(Beginning of Provided data)

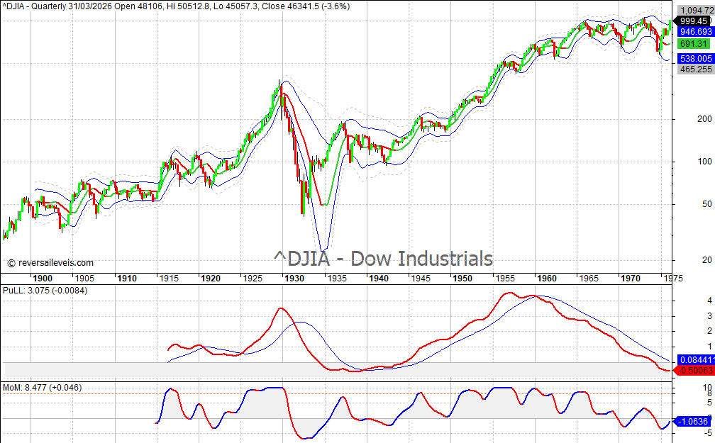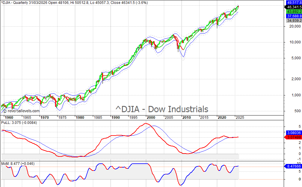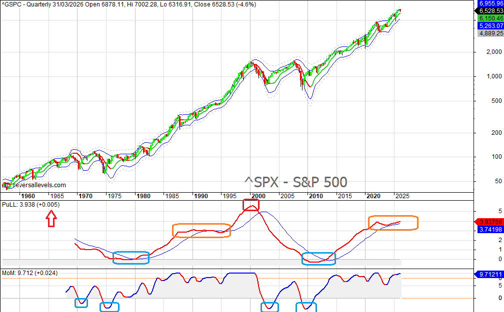 Let’s start with price action. The SPX just had a red quarterly candle, despite the index reaching new record highs during this quarter. Red quarterly candles are pretty rare, and usually followed by a green candle. But whenever you get back to back red quarterly candles after the market reached new record highs, it almost invariable leads in a bigger decline that sees prices fall to the bottom of the Snake (blue line or even dashed line). You can easily spot the historic examples of that in this chart. So if Q2 of 2026 is a red candle too, then it becomes the base scenario that the bottom of the Snake will get a visit. Currently that means around 5263 (blue line), or even 4889 (dashed line) if there is a panic move. So, that’s already something to keep an eye on in the coming months.
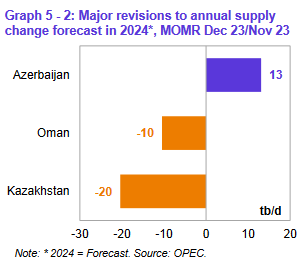 Прогноз роста добычи нефти в странах, не входящих в ОПЕК, в 2024 году остается в целом неизменным по сравнению с оценкой предыдущего месяца в 1,4 млн баррелей в сутки. Пересмотры в сторону понижения прогнозов предложения Казахстана и Омана в основном компенсировались пересмотром в сторону повышения прогнозов по некоторым другим странам.
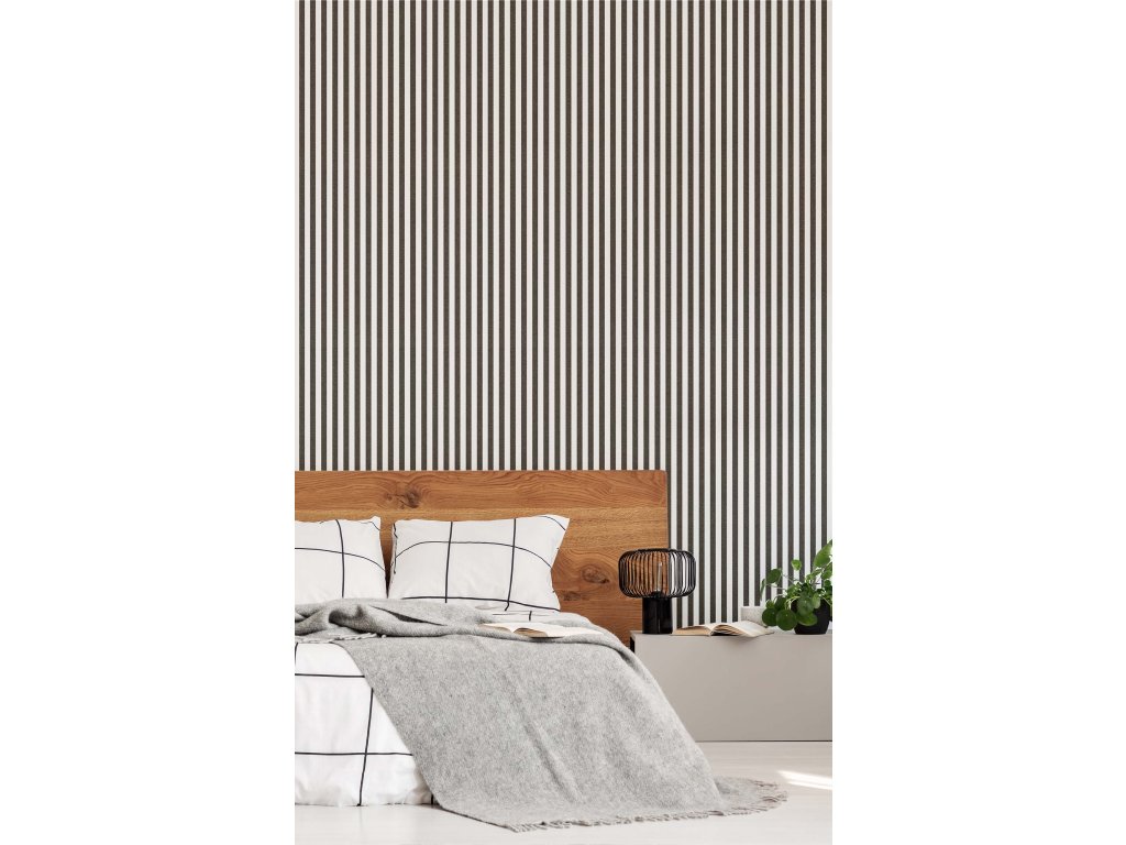 Vliesová tapeta s vinylovým povrchem, imitace proužkované látky v odstínech černé a bílé.
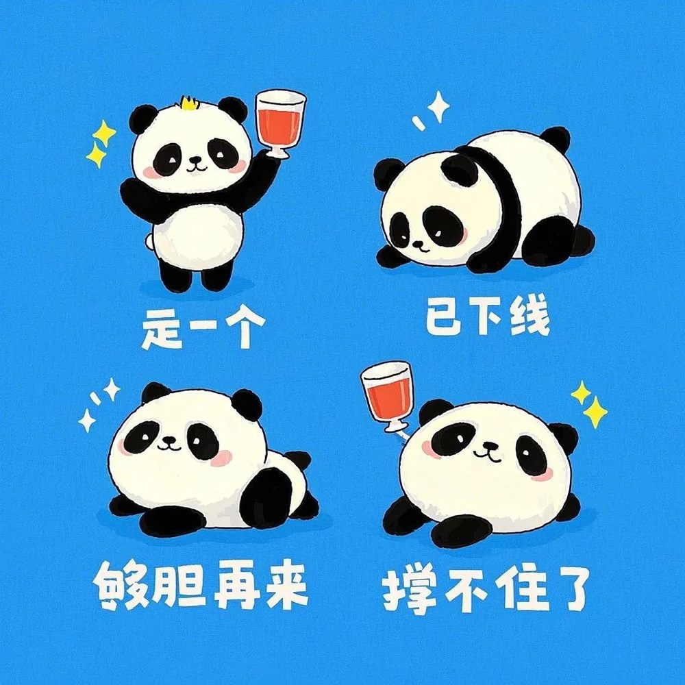 卡通风格表情包,可爱小熊猫角色,四宫格布局,清新背景色,Q版简约设计,俏皮动作,文字分别是"走一个""够胆再来""撑不住了""已下线",手写可爱字体,整体保持统一欢乐的饮酒主题风格。
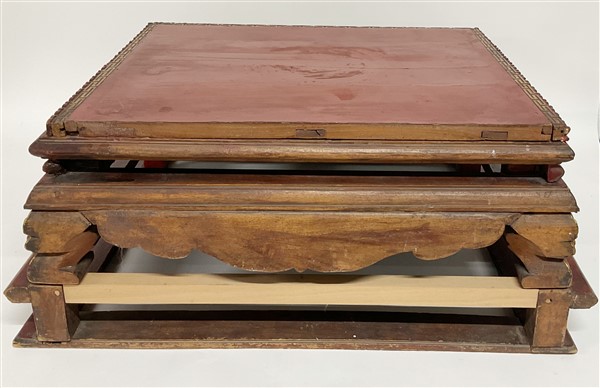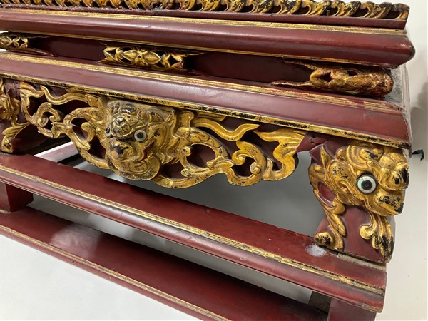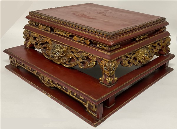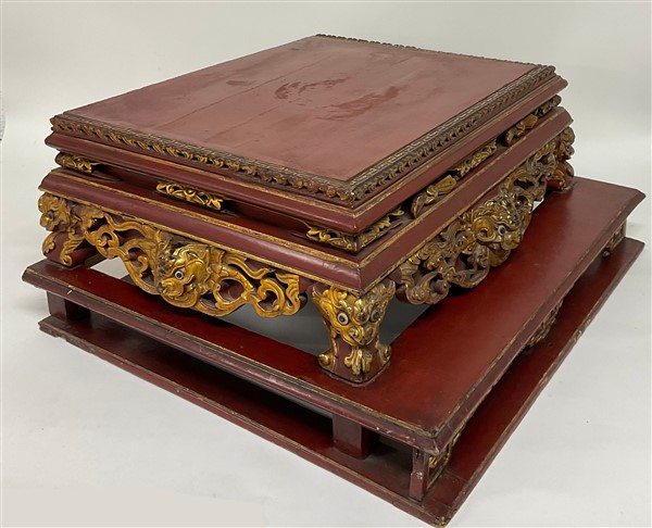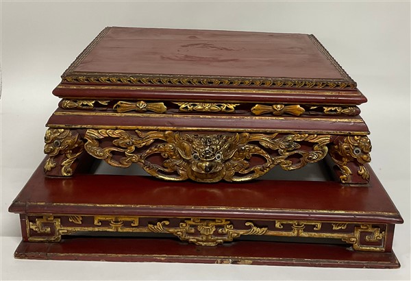 Lotto 1687 | Grande base in legno laccato rosso e dorato Cina, secolo XX (cm 71x30x62,5) (
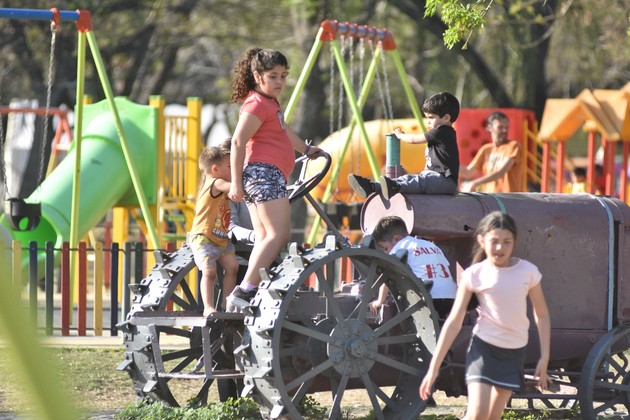 En la Plaza Domingo F. Sarmiento, donde se emplaza el Parque de la Locomotora, una pareja mateaba bajo la sombra de un árbol. El sol "picaba" un poco, es cierto: "Con estos calores, la verdad que ahora está mejor para una cervecita", dice con una risotada Noelia, bajo la mirada cómplice de su pareja, Emilio. La pequeña princesa, la hija, es Catalina, y llega en ese momento agitada por haber estado en la hamaca.
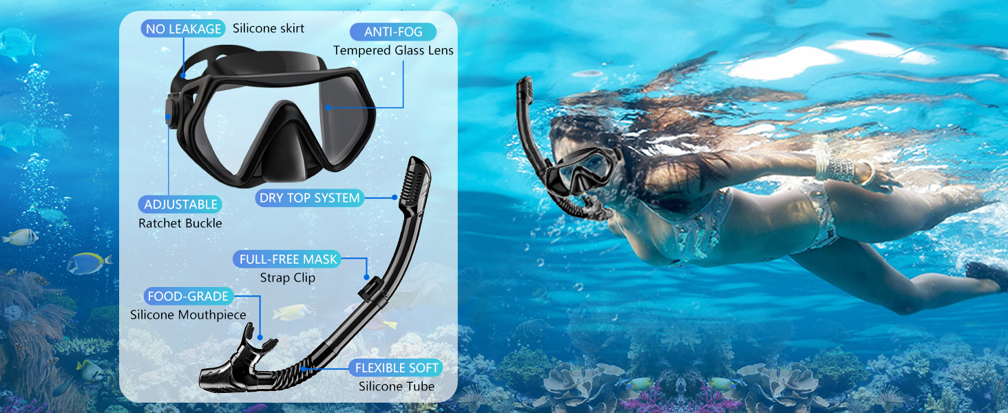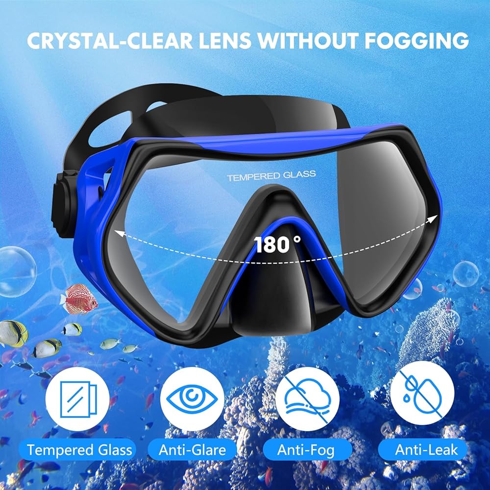 【مجموعة بانورامية 180 درجة، قناع الغطس وأنبوب الغطس مكون من 2 في 1】عدسات عالية الدقة مقاومة للصدمات ومضادة للضباب، وأنبوب تنفس من السيليكون العلوي الجاف. توفر لك مجموعة الغطس الخاصة بنا مجال رؤية 180 درجة، وتوفر مناظر فائقة لمغامرات جميلة تحت الماء. تحتوي مجموعة الغطس لدينا على المعدات التي تحتاجها للغطس لمساعدتك على استكشاف العالم تحت الماء بمرح.
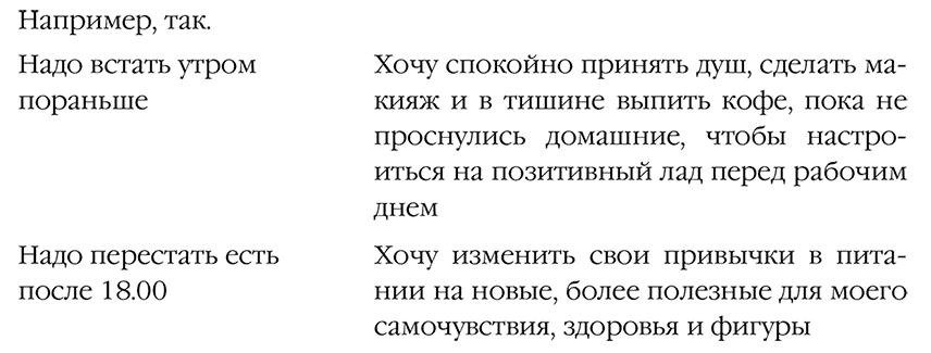 Обратите внимание: нужно не просто заменить слово, но найти потребность, которая требует удовлетворения. Если мы действительно превращаем «надо» в «хочу», то появляется внутренняя мотивация. Если же не появляется, возникает вопрос: «Действительно ли мне этого хочется? Кому это надо?»
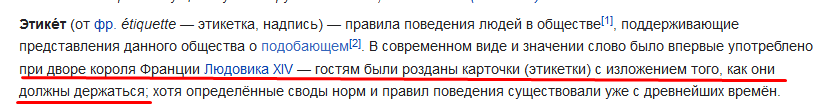 А этикет — это правила поведения, которое должен соблюдать интеллигент общаясь с верхушкой. Элита не соблюдала этих правил. Вы себе можете представить чтобы султан, царь, император соблюдали этикет обычных людей, я лично нет. Потому что этикет был придуман не для сильных мира сего, а для тех, кто с ними общается.

(End of Provided data)

● Work instructions: An exact reprint of the records above is required, with all pictures left out.

● Solved problem:
 Let’s start with price action. The SPX just had a red quarterly candle, despite the index reaching new record highs during this quarter. Red quarterly candles are pretty rare, and usually followed by a green candle. But whenever you get back to back red quarterly candles after the market reached new record highs, it almost invariable leads in a bigger decline that sees prices fall to the bottom of the Snake (blue line or even dashed line). You can easily spot the historic examples of that in this chart. So if Q2 of 2026 is a red candle too, then it becomes the base scenario that the bottom of the Snake will get a visit. Currently that means around 5263 (blue line), or even 4889 (dashed line) if there is a panic move. So, that’s already something to keep an eye on in the coming months.
 Прогноз роста добычи нефти в странах, не входящих в ОПЕК, в 2024 году остается в целом неизменным по сравнению с оценкой предыдущего месяца в 1,4 млн баррелей в сутки. Пересмотры в сторону понижения прогнозов предложения Казахстана и Омана в основном компенсировались пересмотром в сторону повышения прогнозов по некоторым другим странам.
 Vliesová tapeta s vinylovým povrchem, imitace proužkované látky v odstínech černé a bílé.
 卡通风格表情包,可爱小熊猫角色,四宫格布局,清新背景色,Q版简约设计,俏皮动作,文字分别是"走一个""够胆再来""撑不住了""已下线",手写可爱字体,整体保持统一欢乐的饮酒主题风格。
 Lotto 1687 | Grande base in legno laccato rosso e dorato Cina, secolo XX (cm 71x30x62,5) (
 En la Plaza Domingo F. Sarmiento, donde se emplaza el Parque de la Locomotora, una pareja mateaba bajo la sombra de un árbol. El sol "picaba" un poco, es cierto: "Con estos calores, la verdad que ahora está mejor para una cervecita", dice con una risotada Noelia, bajo la mirada cómplice de su pareja, Emilio. La pequeña princesa, la hija, es Catalina, y llega en ese momento agitada por haber estado en la hamaca.
 【مجموعة بانورامية 180 درجة، قناع الغطس وأنبوب الغطس مكون من 2 في 1】عدسات عالية الدقة مقاومة للصدمات ومضادة للضباب، وأنبوب تنفس من السيليكون العلوي الجاف. توفر لك مجموعة الغطس الخاصة بنا مجال رؤية 180 درجة، وتوفر مناظر فائقة لمغامرات جميلة تحت الماء. تحتوي مجموعة الغطس لدينا على المعدات التي تحتاجها للغطس لمساعدتك على استكشاف العالم تحت الماء بمرح.
 Обратите внимание: нужно не просто заменить слово, но найти потребность, которая требует удовлетворения. Если мы действительно превращаем «надо» в «хочу», то появляется внутренняя мотивация. Если же не появляется, возникает вопрос: «Действительно ли мне этого хочется? Кому это надо?»
 А этикет — это правила поведения, которое должен соблюдать интеллигент общаясь с верхушкой. Элита не соблюдала этих правил. Вы себе можете представить чтобы султан, царь, император соблюдали этикет обычных людей, я лично нет. Потому что этикет был придуман не для сильных мира сего, а для тех, кто с ними общается.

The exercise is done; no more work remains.